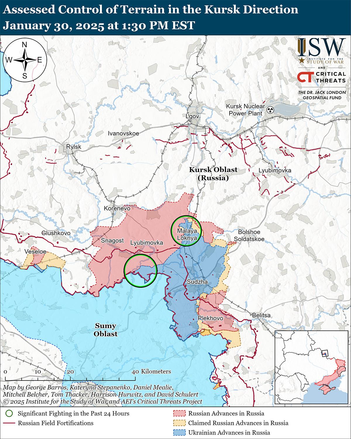 30 января российские войска продолжили наступательные действия в Курской области, но не добились подтвержденных успехов. Российские военные блогеры утверждали, что российские войска продвинулись к северо-востоку от Журавки вдоль украинско-российской границы, к полям к северо-востоку от Свердликово (к северо-западу от Суджи), вдоль реки Ивница в направлении трассы 38Н-071 (к северо-востоку от Малой Локни) и в неустановленных местах на севере Суджанского района. [19] Однако ISW не обнаружил подтверждения этих заявлений. Российские военные блогеры утверждали, что российские войска атаковали северо-запад Суджи в районе Свердликово и к югу от Суджи в районе Гуево и Махновки. [20] Сообщается, что операторы беспилотников российского 1434-го полка «Ахмат-Чечня» наносят удары по украинским позициям на Суджанском направлении; сообщается, что операторы беспилотников российской 83-й воздушно-десантной бригады (ВДВ) наносят удары по украинским солдатам на Курском направлении; Сообщается, что операторы беспилотников российской 34-й мотострелковой бригады (49-я общевойсковая армия [ОА], Южный военный округ [ЮВО]) продолжают наносить удары по украинским позициям в Погребках (к северо-западу от Суджи); и, вероятно, подразделения российского 56-го полка ВДВ (7-я дивизия ВДВ), как сообщается, действуют в районе Свердликово. [21]
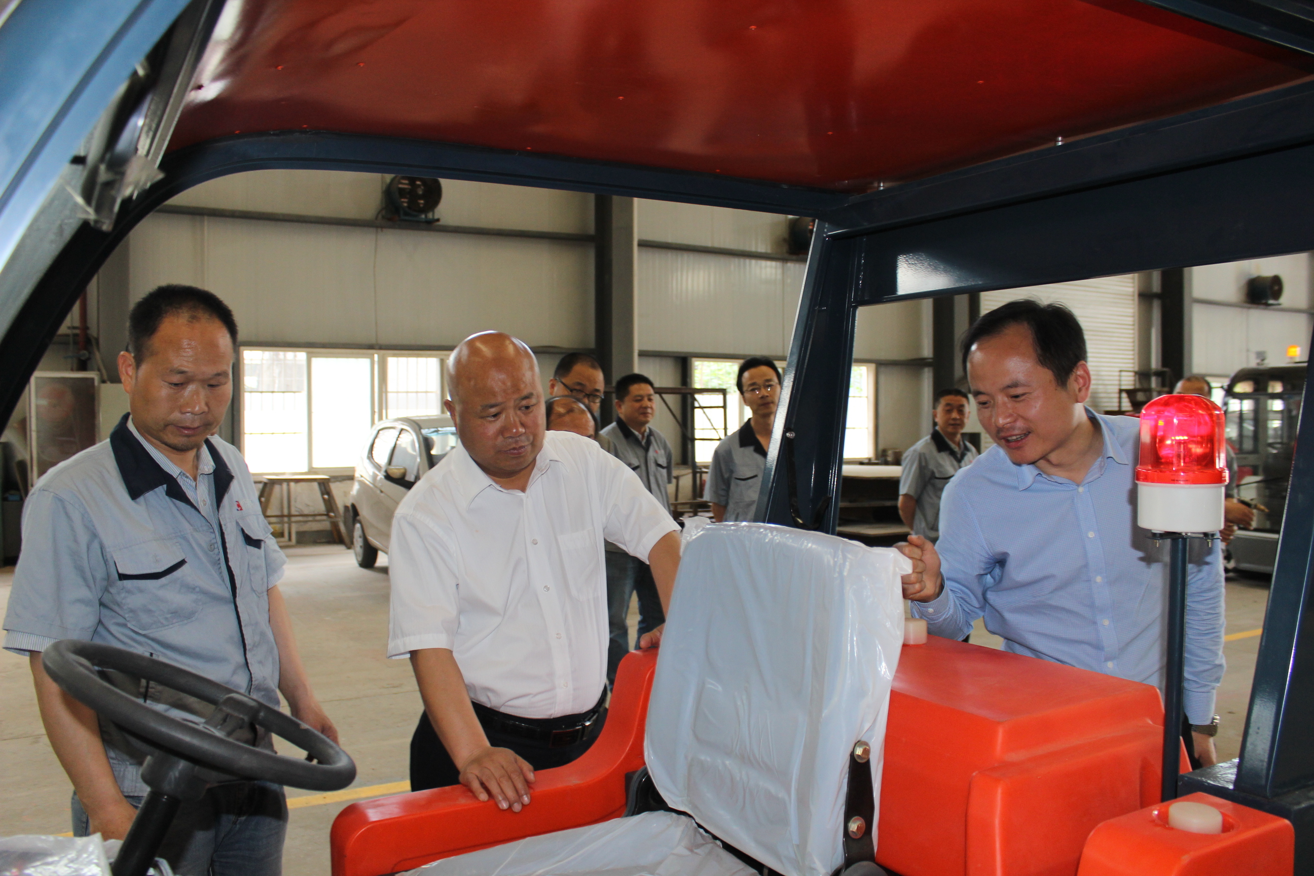 高利鵬副總首先在核昌公司總經理王超宏等人的陪同下,視察了清掃車生產現場,尤其對近期研發的新型清掃車相關性能及生產情況進行了詳細的詢問。
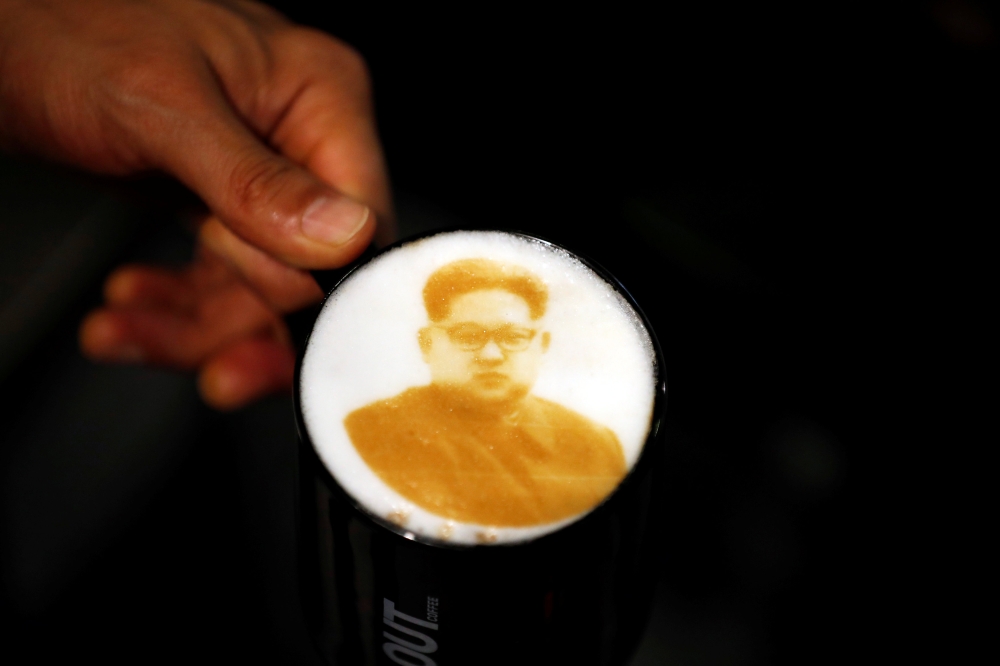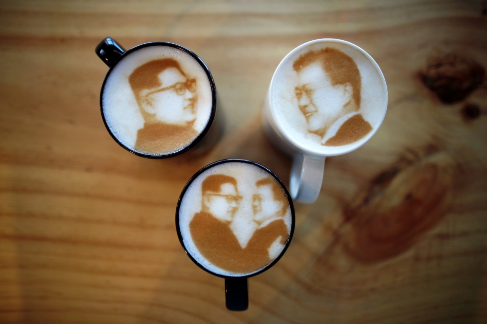 فمنذ أن عقد كيم قمة في أبريل الماضي بوجه بشوش مع الرئيس الكوري الجنوبي مون-جيه إن، يقدم مقهى (إن آند أوت) في مدينة جونجو، التي تبعد ثلاث ساعات من العاصمة سول، قهوة لاتيه تزين رغوتها صور الزعيمين.
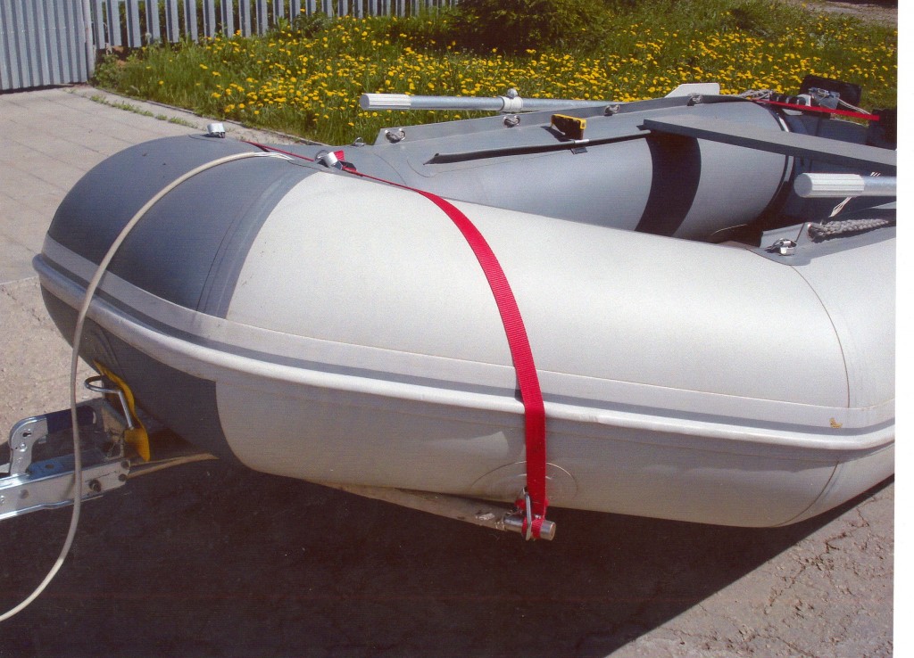 1.Чтобы передний стяжной ремень не "гудел"при перевозке лодки нижнюю часть перекручиваю несколько раз.
□ □ □ □
__What you are asked to do__. Only the pictures are to be left out, and all of the data must otherwise be transcribed exactly.

__Solution to this problem__.
 30 января российские войска продолжили наступательные действия в Курской области, но не добились подтвержденных успехов. Российские военные блогеры утверждали, что российские войска продвинулись к северо-востоку от Журавки вдоль украинско-российской границы, к полям к северо-востоку от Свердликово (к северо-западу от Суджи), вдоль реки Ивница в направлении трассы 38Н-071 (к северо-востоку от Малой Локни) и в неустановленных местах на севере Суджанского района. [19] Однако ISW не обнаружил подтверждения этих заявлений. Российские военные блогеры утверждали, что российские войска атаковали северо-запад Суджи в районе Свердликово и к югу от Суджи в районе Гуево и Махновки. [20] Сообщается, что операторы беспилотников российского 1434-го полка «Ахмат-Чечня» наносят удары по украинским позициям на Суджанском направлении; сообщается, что операторы беспилотников российской 83-й воздушно-десантной бригады (ВДВ) наносят удары по украинским солдатам на Курском направлении; Сообщается, что операторы беспилотников российской 34-й мотострелковой бригады (49-я общевойсковая армия [ОА], Южный военный округ [ЮВО]) продолжают наносить удары по украинским позициям в Погребках (к северо-западу от Суджи); и, вероятно, подразделения российского 56-го полка ВДВ (7-я дивизия ВДВ), как сообщается, действуют в районе Свердликово. [21]
 高利鵬副總首先在核昌公司總經理王超宏等人的陪同下,視察了清掃車生產現場,尤其對近期研發的新型清掃車相關性能及生產情況進行了詳細的詢問。
 فمنذ أن عقد كيم قمة في أبريل الماضي بوجه بشوش مع الرئيس الكوري الجنوبي مون-جيه إن، يقدم مقهى (إن آند أوت) في مدينة جونجو، التي تبعد ثلاث ساعات من العاصمة سول، قهوة لاتيه تزين رغوتها صور الزعيمين.
 1.Чтобы передний стяжной ремень не "гудел"при перевозке лодки нижнюю часть перекручиваю несколько раз.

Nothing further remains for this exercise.